June 29, 2005 7:50 AM   Subscribe

OK, I know how to stay awake all night if I'm at home or working, but what if I'm driving?

I've got a ten hour road trip coming up (West of Scotland to Devon), and I'm planning on doing most of it overnight to avoid the traffic.

I've got my iPod full of upbeat tracks (rock, dance, and singalong stuff), the heater will stay off, and I'm avoiding sugary snacks and taking a couple of litres of water. I'm planning on stopping three or four times (every three hours or so?) for a 30 min rest.

What else do you suggest?
posted by snowgoon to Travel & Transportation (29 answers total)
 
Don't do it. It's dangerous and you don't have the right to risk the lives of other people on the road. If you think you might fall asleep driving late at night, don't drive late at night.
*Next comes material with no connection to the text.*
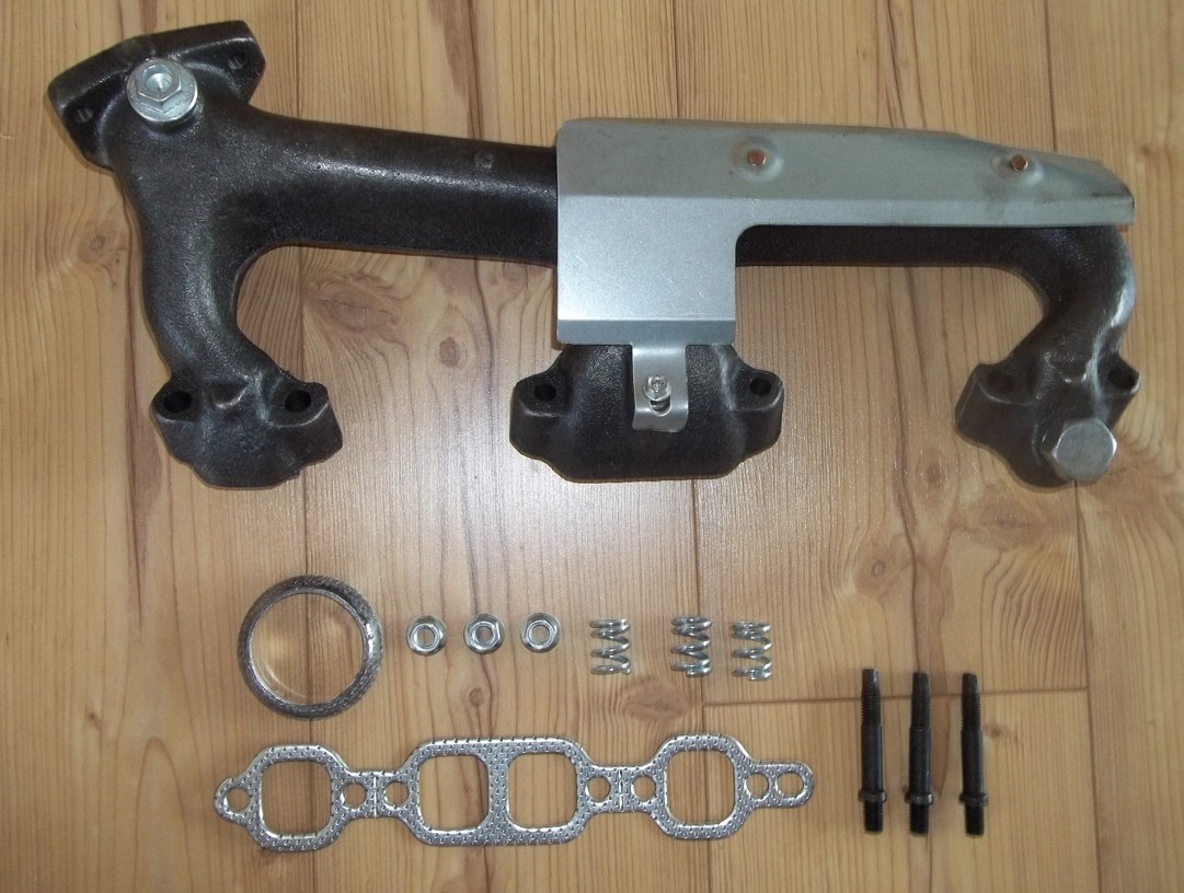 Abgaskrümmer links für die 5,0 und 5,7L Motoren. Inkl. Motorblock-Dichtung, Abgasrohr-Dichtung, Schrauben, Federn und Muttern für das Abgasrohr.

Turning off the heater, and music will not help you (in fact I remember once that the kind of music you suggest can actually make it worse...anything with a steady prominant beat (no matter how up-tempo or loud) can lull you). From the web site of the New York DMV:

"TRICKS" THAT DO NOT WORK

Opening the window, turning on the air conditioning, or playing loud music are not effective in keeping drivers alert for any extended period of time.


The tip they offer most relevant to you is this one:

Avoid driving during the body's "down time". According to AAA, this is generally in the mid-afternoon and between midnight and 6:00 a.m.
posted by duck at 7:58 AM on June 29, 2005


You might easily doze off on a highway due to the constant monotony of the drive. Its good if someone else in the car keeps awake on the side and keeps talking to you.
posted by webmeta at 8:05 AM on June 29, 2005


I find that I'm far less tired on long drives if I listen to something like This American Life, which is full of stories and people talking about interesting things that give my brain something to think about. Music seems to do the opposite. I often play music at home to fall asleep easier, so maybe that's part of it.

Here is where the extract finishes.